ADVERSITY.-(See "AFFLICTION.") Adversity is the trial of principle.-Without it a man hardly knows whether he is honest or not.-Fielding.

Adversity is the first path to truth.Byron.

No man is more unhappy than the one who is never in adversity; the greatest affliction of life is never to be afflicted.— Anon.

Adversity is like the period of the former and of the latter rain,-cold, comfortless, unfriendly to man and to animal; yet from that season have their birth the flower and the fruit, the date, the rose, and the pomegranate.- Walter Scott.

Adversity has ever been considered the state in which a man most easily becomes acquainted with himself, then, especially, being free from flatterers.-Johnson.

Prosperity is no just scale; adversity is the only balance to weigh friends.-Plutarch.

Who hath not known ill fortune, never knew himself, or his own virtue.-Mallet.

Stars may be seen from the bottom of a deep well, when they cannot be discerned from the top of a mountain. So are many things learned in adversity which the prosperous man dreams not of.-Spurgeon.

Adversity is the diamond dust Heaven polishes its jewels with.-Leighton.

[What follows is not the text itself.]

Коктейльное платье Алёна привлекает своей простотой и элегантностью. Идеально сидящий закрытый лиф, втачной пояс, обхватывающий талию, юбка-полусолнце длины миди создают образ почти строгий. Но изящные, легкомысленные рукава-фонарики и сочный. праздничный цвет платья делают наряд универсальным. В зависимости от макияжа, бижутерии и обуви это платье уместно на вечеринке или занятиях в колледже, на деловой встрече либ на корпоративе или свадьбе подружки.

I never met with a single instance of adversity which I have not in the end seen was for my good.-I have never heard of a Christian on his death bed complaining of his afflictions.-A. Proudfit.

We ought as much to pray for a blessing upon our daily rod as upon our daily bread.-John Owen.

Heaven often smites in mercy, even when the blow is severest.-Joanna Baillie.

Adversity has the effect of eliciting talents which in prosperous circumstances would have lain dormant.-Horace.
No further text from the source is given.